Wed Dec 14 16:17:54 EST 2022


#### import libraries

In [2]:
import concurrent.futures
from os.path import exists
from os import sched_getaffinity
from pandas import read_csv

#### set notebook variables

In [3]:
# naming
cohort = 'foundin'
amp_abbr = 'PP'
version = 'amppdv1'
cohort_version = f'{cohort}.{version}'

# directories
wrk_dir = '/home/gibbsr/working/foundin/foundin_qtl'
geno_dir = f'{wrk_dir}/genotypes'

# input files
pfiles = '{genodir}/{cohortversion}.chr{chr}'

# output files
genome_bfile = f'{geno_dir}/{cohort_version}.bfile'

# constant values
autosomes = [str(x) for x in list(range(1,23))]
cpu_cnt = len(sched_getaffinity(0))
DEBUG = False

#### utility functions

In [4]:
def run_bash_cmd(this_cmd: str, verbose: bool=False):
    !{this_cmd}

#### convert from plink2 pfiles to plink bfiles

In [5]:
with concurrent.futures.ProcessPoolExecutor() as ppe:
    for chrom in autosomes:
        this_pfile = pfiles.format(genodir=geno_dir, cohortversion=cohort_version, chr=chrom)
        this_cmd = f'plink2 --pfile {this_pfile} --make-bed --out {this_pfile}.bfile --silent'
        ppe.submit(run_bash_cmd, this_cmd)    

In [6]:
# merge the files into a single plink binary set
def frmt_merge_list_file(geno_dir, cohort_version, autosomes):
    merge_file_set = f'{geno_dir}/bfile_merge-list.txt'
    with open(merge_file_set, 'w') as file_handler:
        for chrom in autosomes:
            this_pfile = pfiles.format(genodir=geno_dir, cohortversion=cohort_version, chr=chrom)
            file_handler.write(f'{this_pfile}.bfile\n')
    return merge_file_set

def run_plink_bfile_merge(merge_file_set, genome_bfile):
    this_cmd = f'plink --merge-list {merge_file_set} --make-bed --allow-no-sex \
    --silent --out {genome_bfile} --maf 0.01 --geno 0.05 --hwe 0.000001'
    run_bash_cmd(this_cmd, verbose=DEBUG)
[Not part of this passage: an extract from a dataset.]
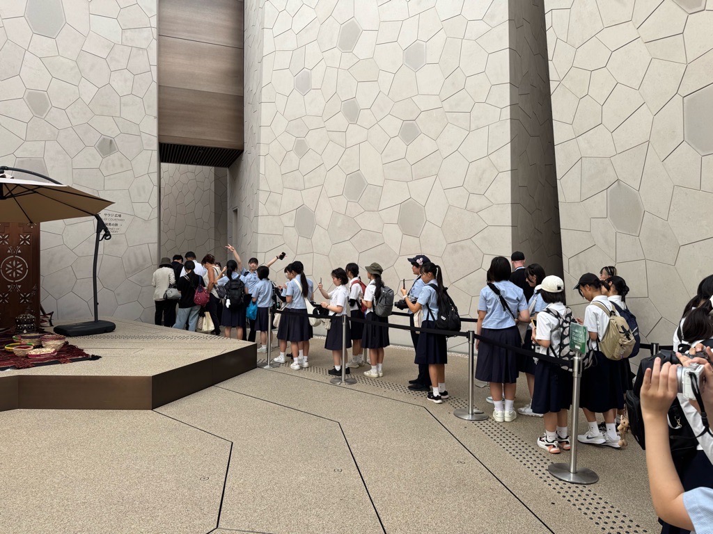 「三菱未来館」では生命のこれまでとこれからを、大使と本校との繋がりから特別招待をいただいた「サウジアラビア館」では、トーブを着た皆さんからの歓待を受け、中東地域独自の文化や産業発展の様子を学ぶことができました。

# merge the per chrom bfiles into a genome bfile
merge_file_set = frmt_merge_list_file(geno_dir, cohort_version, autosomes)
run_plink_bfile_merge(merge_file_set, genome_bfile)

# if there was a missnp problem remove those variant and re-attemp merge
if exists(f'{genome_bfile}-merge.missnp'):
    print('removing problem variants and retrying merge')
    with concurrent.futures.ProcessPoolExecutor() as ppe:
        for chrom in autosomes:
            this_pfile = pfiles.format(genodir=geno_dir, cohortversion=cohort_version, chr=chrom)
            this_cmd = f'plink2 --pfile {this_pfile} --make-bed --out {this_pfile}.bfile \
--silent --exclude {genome_bfile}-merge.missnp'
            ppe.submit(run_bash_cmd, this_cmd)           

    # try the merge again
    merge_file_set = frmt_merge_list_file(geno_dir, cohort_version, autosomes)
    run_plink_bfile_merge(merge_file_set, genome_bfile)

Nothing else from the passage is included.